» Exercise aim
From the line containing "Smetanová crop mikina a nápisem a kapucí" through the last line below, copy every line exactly, leaving out the pictures.

» Data
>>>
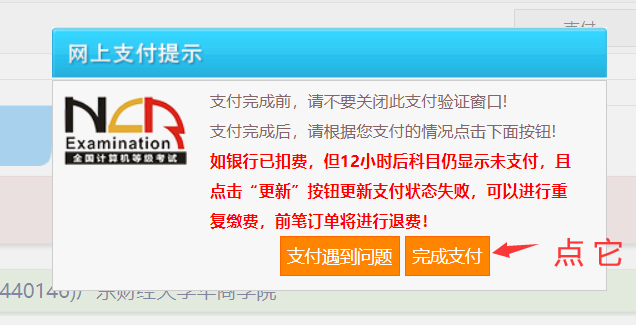 第九步:回到报名系统页面,点【完成支付】,如下图:
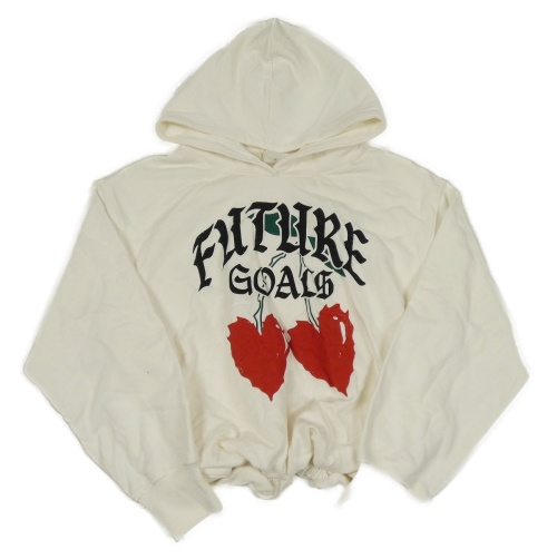 Smetanová crop mikina a nápisem a kapucí
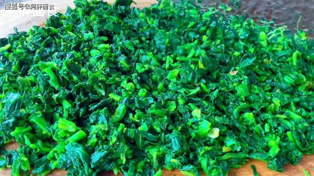 2、菠菜焯水后,捞出立刻放凉水里,过一会儿再稍微挤水,不用挤太干。若是挤的太干,后面和面还需要再加水。最后把菠菜切碎即可。
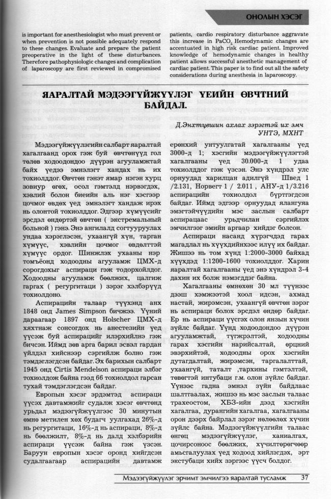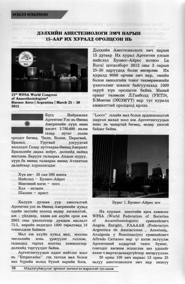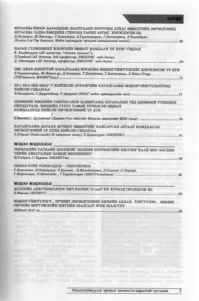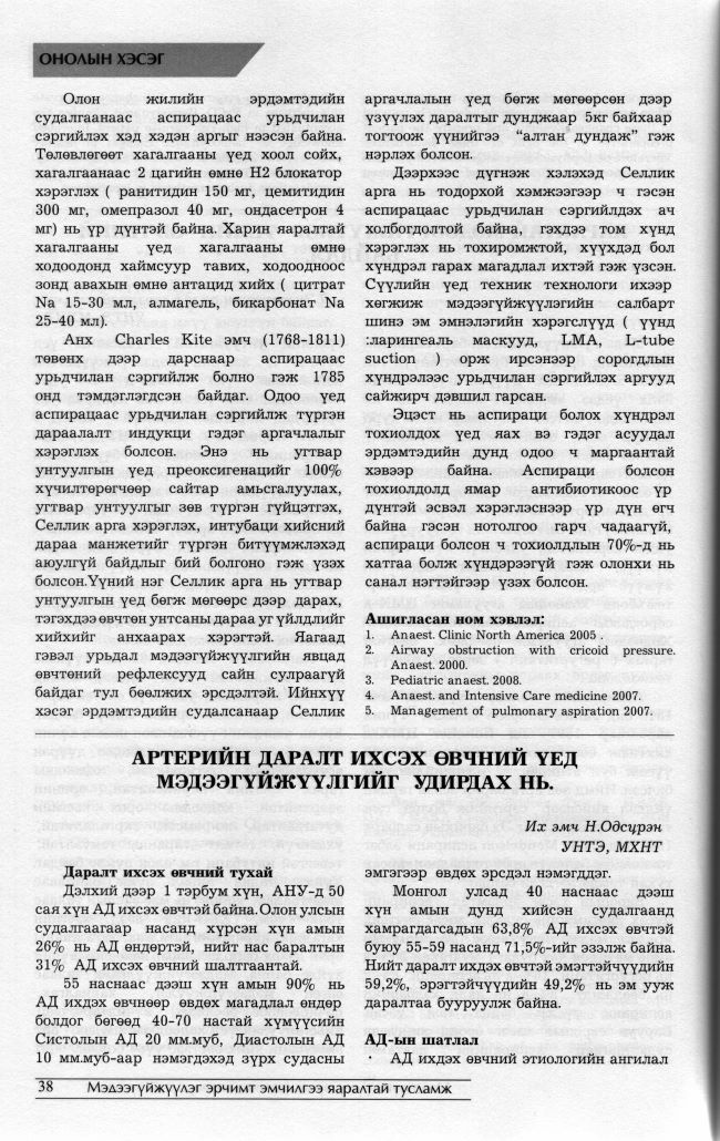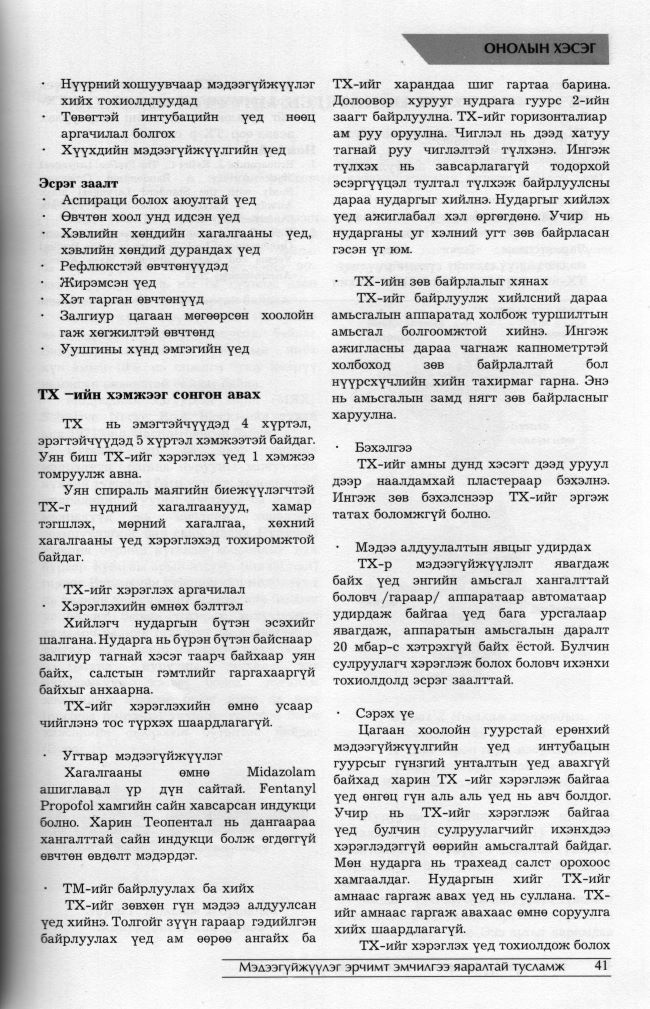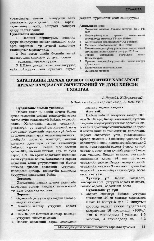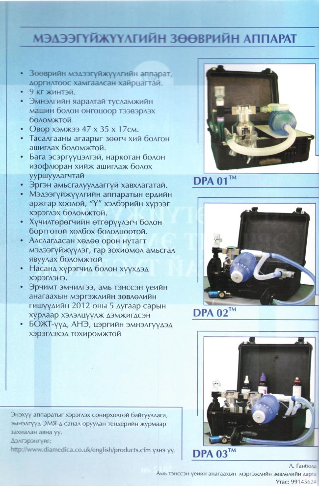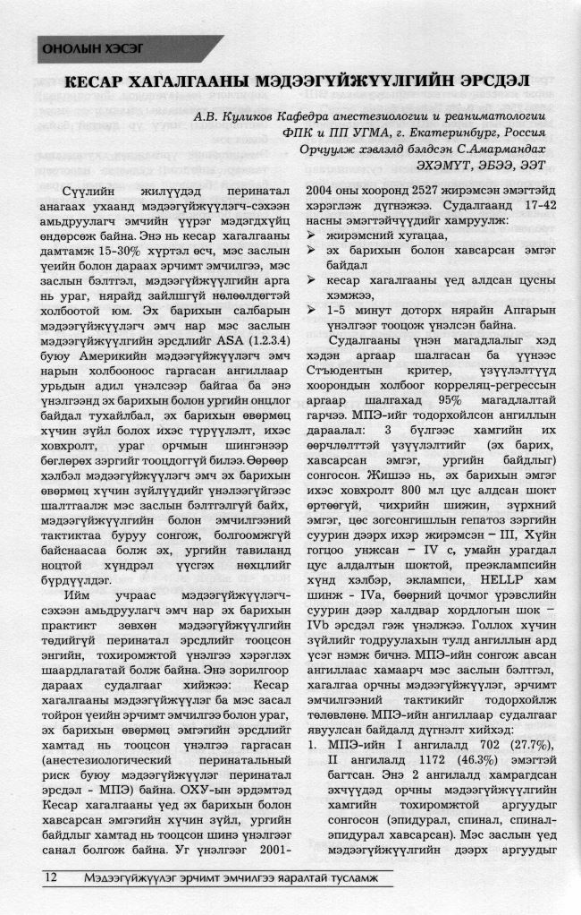 Мэдээгүйжүүлэг, Эрчимт эмчилгээ, Яаралтай тусламж №7 - 2012 он
<<<
» Task answer
 Smetanová crop mikina a nápisem a kapucí
 2、菠菜焯水后,捞出立刻放凉水里,过一会儿再稍微挤水,不用挤太干。若是挤的太干,后面和面还需要再加水。最后把菠菜切碎即可。
 Мэдээгүйжүүлэг, Эрчимт эмчилгээ, Яаралтай тусламж №7 - 2012 он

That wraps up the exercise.